* DATA SHOWN:
****************

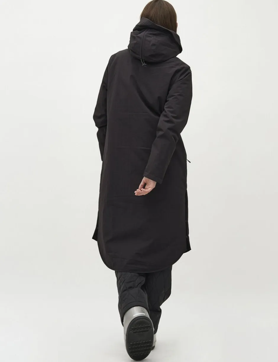 Jakken går til omkring knæene, har en gennemgående lynlås og rumlige lommer.
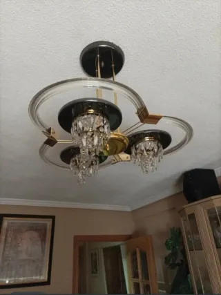 Elegante lámpara de araña de estilo vintage, con un acabado dorado que aporta un toque clásico a cualquier espacio. Su diseño intrincado y los materiales de calidad la convierten en una pieza destacada. - Acabado metálico dorado. - Detalles en madera y cristal. vintage restaurado talla ropa mudanza Salón comedor retro Nike deporte clásico mueble diseño viaje colegio espejo regalo regala chollo cortinas lámpara mochila mesillas mesa Iphone televisor coche bicicleta Pandora zara LeroyHistoria prensa periódicos estudiante periodismo televisión Mudanza radio Revista arte Fotografía flash cámara vídeo cassette cinta Objeto,.
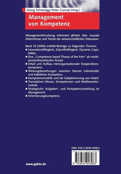 Neuester Band der angesehenen Reihe"Managementforschung"Renommierte Experten setzen sich mit dem Thema Kompetenzen in Organisationen facettenreich auseinander.
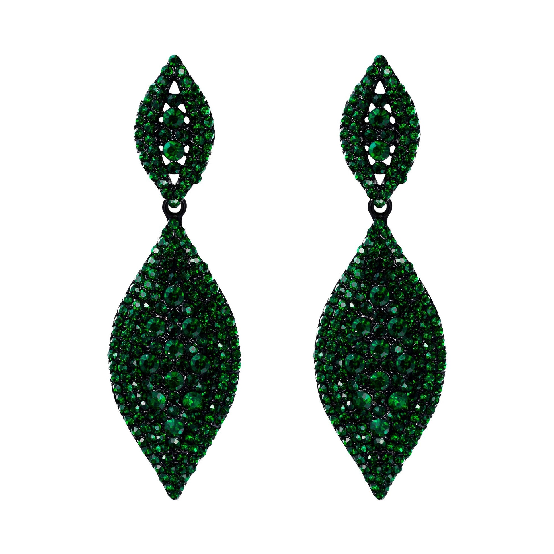 Flyonce Women's Rhinestone Crystal Wedding Bridal 2 Leaf Drop Dangle Chandelier Earrings Large Big Costume Statement Earring Green Black-Tone 3.3"
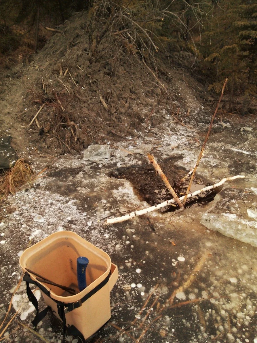 Beaver are not a popular species to trap in Interior Alaska for several reasons. The work necessary to trap beavers, preparing the pelt, low pelt value, and a myriad of other reasons persuade many trappers to avoid the hassle. Due in part to these detractors, beavers are plentiful! Rivers such as the Chena or Tanana are loaded with lodges if you know where to look. Sloughs in particular are good locations for lodges because beavers prefer slower moving water. After you spot a lodge, making sure its active is key to success. Classic signs of active beaver lodges in winter include: thin ice near the entrance to the lodge, heavy bubble trails around the lodge (if the ice is not covered in snow), and a “chimney” or snow free hole at the top of the lodge with hoarfrost or steam rising from the opening. Once you’ve located an active lodge and the beavers feed pile (twigs, branches, and larger sections of trees which beavers feed on throughout the winter) it’s a good bet that there are multiple residents, and this is an excellent location to make a set.

****************

* WHAT YOU SHOULD DO: Return the entries unchanged, save for the pictures, which do not belong in the copy.

* ANSWER TO THIS PROBLEM:
 Jakken går til omkring knæene, har en gennemgående lynlås og rumlige lommer.
 Elegante lámpara de araña de estilo vintage, con un acabado dorado que aporta un toque clásico a cualquier espacio. Su diseño intrincado y los materiales de calidad la convierten en una pieza destacada. - Acabado metálico dorado. - Detalles en madera y cristal. vintage restaurado talla ropa mudanza Salón comedor retro Nike deporte clásico mueble diseño viaje colegio espejo regalo regala chollo cortinas lámpara mochila mesillas mesa Iphone televisor coche bicicleta Pandora zara LeroyHistoria prensa periódicos estudiante periodismo televisión Mudanza radio Revista arte Fotografía flash cámara vídeo cassette cinta Objeto,.
 Neuester Band der angesehenen Reihe"Managementforschung"Renommierte Experten setzen sich mit dem Thema Kompetenzen in Organisationen facettenreich auseinander.
 Flyonce Women's Rhinestone Crystal Wedding Bridal 2 Leaf Drop Dangle Chandelier Earrings Large Big Costume Statement Earring Green Black-Tone 3.3"
 Beaver are not a popular species to trap in Interior Alaska for several reasons. The work necessary to trap beavers, preparing the pelt, low pelt value, and a myriad of other reasons persuade many trappers to avoid the hassle. Due in part to these detractors, beavers are plentiful! Rivers such as the Chena or Tanana are loaded with lodges if you know where to look. Sloughs in particular are good locations for lodges because beavers prefer slower moving water. After you spot a lodge, making sure its active is key to success. Classic signs of active beaver lodges in winter include: thin ice near the entrance to the lodge, heavy bubble trails around the lodge (if the ice is not covered in snow), and a “chimney” or snow free hole at the top of the lodge with hoarfrost or steam rising from the opening. Once you’ve located an active lodge and the beavers feed pile (twigs, branches, and larger sections of trees which beavers feed on throughout the winter) it’s a good bet that there are multiple residents, and this is an excellent location to make a set.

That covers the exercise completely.